The status of shareholders will directly affect the development of enterprises, and the degree of equity checks and balances, closely related to shareholders, also plays an important role in the green and high-quality development of enterprises. Cai and Luo et al. [26] conducted a related study on the proportion of executives’ equity and equity incentives on the quality of enterprise development. The research results show that there is a convex relationship between executives’ equity and the quality of enterprise development, which is too high or too low. The equity of the enterprise will affect the development of the enterprise; that is, the degree of equity balance will affect the quality of the green development of the enterprise. Similarly, Ni [27] studied the market value of listed commercial banks using the equity balance as a variable, and found that China’s listed commercial banks appropriately reducing the state-owned shareholding ratio or seeking more control chains will help increase the bank’s market value. That is to say, a reasonable equity balance is very beneficial to the green and high-quality development of enterprises. In addition, the different nature of equity will also have an impact on the degree of equity checks and balances. Therefore, the following assumptions are made regarding the degree of equity checks and balances and the nature of equity:

Hypothesis 1.

There is a convex correlation between the degree of equity checks and balances and the green and high-quality development of enterprises; that is, the lower or higher the degree of equity checks and balances is not conducive to the development of enterprises.

Hypothesis 2.

There is a significant impact between the nature of equity and the green and high-quality development of enterprises; that is, the development quality of private enterprises and state-owned enterprises will also be inconsistent.

Between different industries, the development of enterprises will also be different, and the differences between industries often limit the development of enterprises. Xu Li [28], Li Zhiqin [29], Liu Dan [30], and others have studied the development status of enterprises in the passenger car industry, the traditional brewing industry, and the emerging communication industry, respectively. Using emerging technologies to improve the development quality of enterprises, it is more difficult for traditional industries to apply emerging technologies. Therefore, it can be speculated that the difficulty of achieving high-quality development in different industries will also be different. Coincidentally, Wei [31] and Lu Yi et al. [32] studied the methods of promoting the high-quality development of industries such as manufacturing and light industry, and found that the same method will have inconsistent effects on promoting the high-quality development of different industries. The above results show that the different industries in which enterprises are located have a great impact on the green and high-quality development of enterprises. Therefore, the following assumptions are made about the industry in which the company operates:

Hypothesis 3.

There is a correlation between the industry and the green and high-quality development of enterprises, and it is easier for emerging high-tech industries to achieve a high-quality development of enterprises.

All organizations, regardless of their size, industry, or customer base, must face some level of risk. Therefore, risk management is seen as a management response to an unstable environment. Serebryakova et al. [33] discussed the relationship between risk management and enterprise sustainable development, and demonstrated the necessity of establishing a risk management system for enterprise sustainable development.

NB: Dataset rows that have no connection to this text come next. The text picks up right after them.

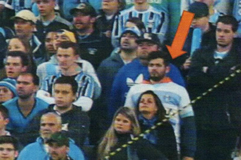 A análise das imagens permitiu aos investigadores colher uma foto mais nítida do torcedor que aparece com o rosto tapado por um capuz laranja. Após proferir as ofensas, ele teria subido os degraus das arquibancadas e retirado a proteção, revelando a face, como se vê abaixo:
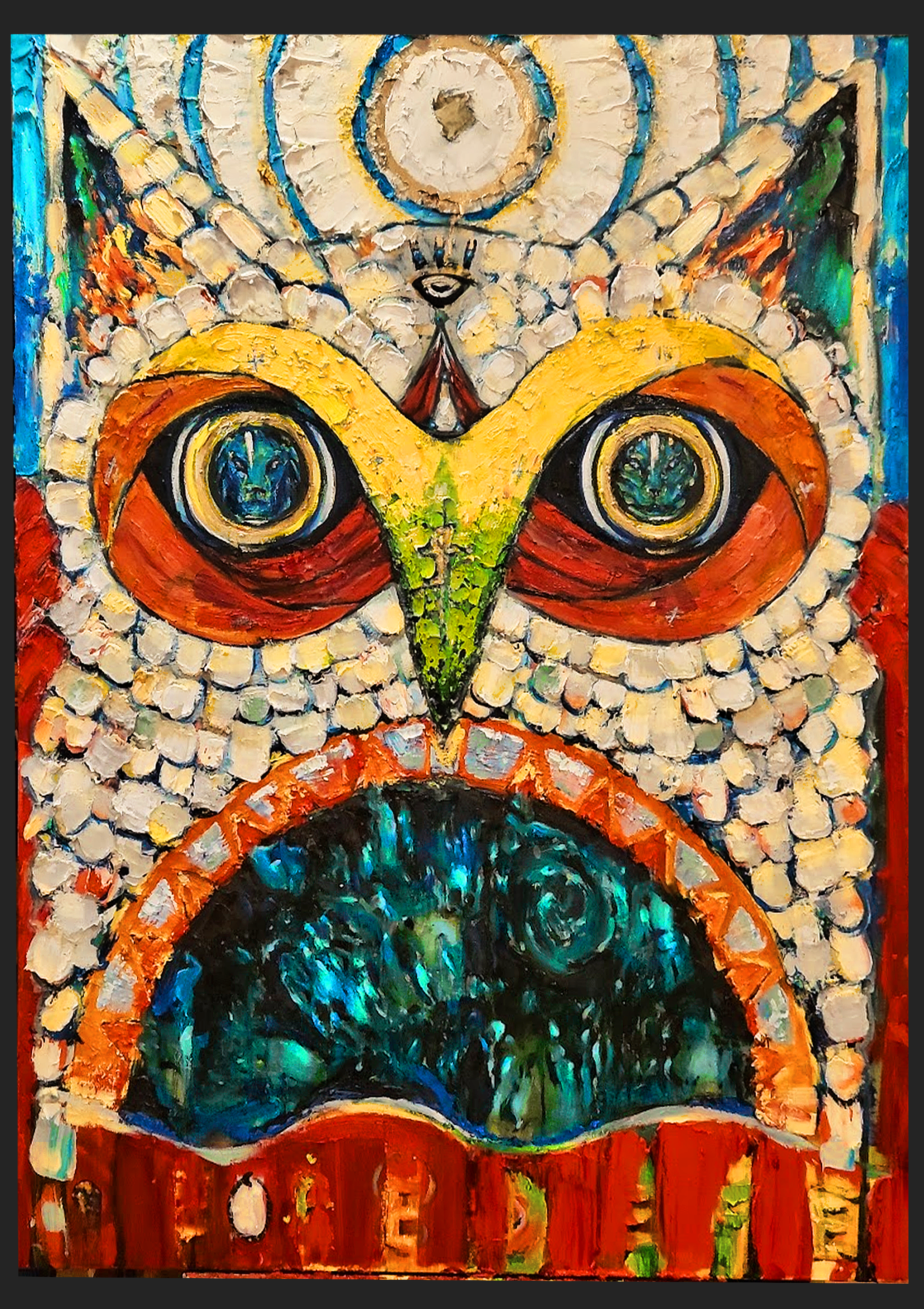 The pit below is the illusion, the place where fear wants to pull him. Its swirling blues form the forge where his old selves died and were remade. D.E.F.E. across the base marks the death-theme that illuminated his path through darkness. The owl’s feathers double as the stone tablets of limiting beliefs he must break. The arrows and looping marks around the eyes represent the upper and lower death drives, teaching him how to rise without being pulled back. At the center glows the eye of becoming, a reminder that real leadership isn’t performed; it is embodied.
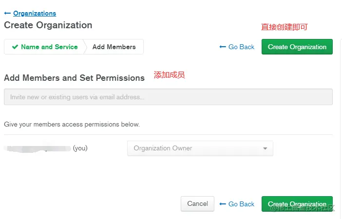 填好组织名称和服务类型后,会跳转到一个新的页面,这个页面可以配置成员,目前可以不用管直接点击 Create Organization 按钮

The study found that reasonable risk management is conducive to promoting the sustainable, stable, and healthy development of enterprises. In other words, risk management is conducive to the realization of the green and high-quality development of enterprises. Similarly, domestic scholars Mai Xiaomin [34] and Zhang Ya [35] also found that reasonable and effective risk management plays an important role in promoting the financial management and green and high-quality development of enterprises when they studied the green and high-quality development of the tobacco industry. Therefore, the following assumptions are made about risk management:

Hypothesis 4.

Risk management has a significant impact on the green development of enterprises, and reasonable and effective risk management is conducive to the realization of the green and high-quality development of enterprises.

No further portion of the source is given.